This is a periodic reporting requirement, similar to the bi-monthly reports but bigger.
Martin says this this report should be a synthesis of all the bi-monthly reports already submitted. He makes the point that this is a management activity rather than a scientific one, so scientific partners should not be heavily loaded by this work.
A long discussion follows about exactly what figures Mikko is going to need in order to prepare the financials for this report. I assume that all this will be summarised in email, so I am not taking notes.
In the review of deliverables and milestones, two of our jobs are relevant, both milestones.
Mikko on financial reporting: nothing new here, I think.
[Lots of discussion of reviewers' comments. Nothing new except what I dicuss below.]
One of the reviewers, who is clearly a Semantic Web believer, seems to think that Alvis should use RDF. What for? This is not clear, in fact it appears that he hasn't made any actual proposal, and just thinks that RDF is a good thing that should be used, well, everywhere. Unsurprisingly, I think this is stupid. Karl agrees, but otherwise the general sentiment of the meeting seems to be that we may as well give the reviewer what he wants ... if he can figure out what the heck that is.
[Recap of four layer architecture: transport layer, structured overlay network, document and content management, retrieval models.]
[Summary of how ``inverted files'' are used in conventional IR].
In a P2P distributed system, each peer is responsible for certain terms and their postings lists. Query terms are forwarded to the responsible peer, which returns the corresponding postings list. The association of a given query term with a particular peer is done using some kind of magic hash function with load balancing and suchlike.

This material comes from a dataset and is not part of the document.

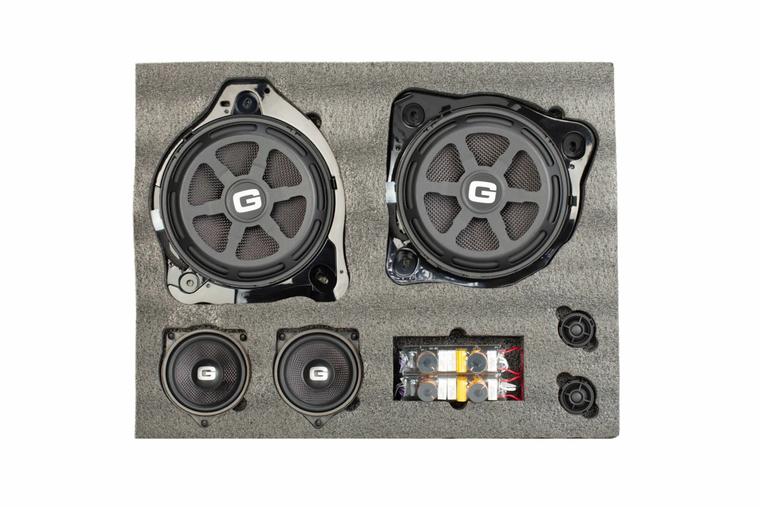 20 cm (8″) fahrzeugspezifisches Plug & Play 3-Wege teilaktiv System für Mercedes C / E / GLC und ähnliche. Erhältlich für Links- und Rechtslenker-Fahrzeuge

On problems with this approach is that postings lists can be very long (e.g. for ``the''). An EPFL study has shown that this is not feasible. The proposed solution is to limit the lengths of postings lists by combining terms. A threshhold size is created defining the longest acceptable postings list. If the list for a given term becomes larger than this, then its posting list is discarded and instead a lists is created for the combination of the term with one or more others. A set of n such terms indexed in conjunction is called a key. This is HDK indexing.
How do you decide which terms to combine into keys? One clue is to use terms that appear in the same context in a document. [Note: this requires knowledge of an entire corpus.] This limits the number of keys to be linearly related to the number of terms.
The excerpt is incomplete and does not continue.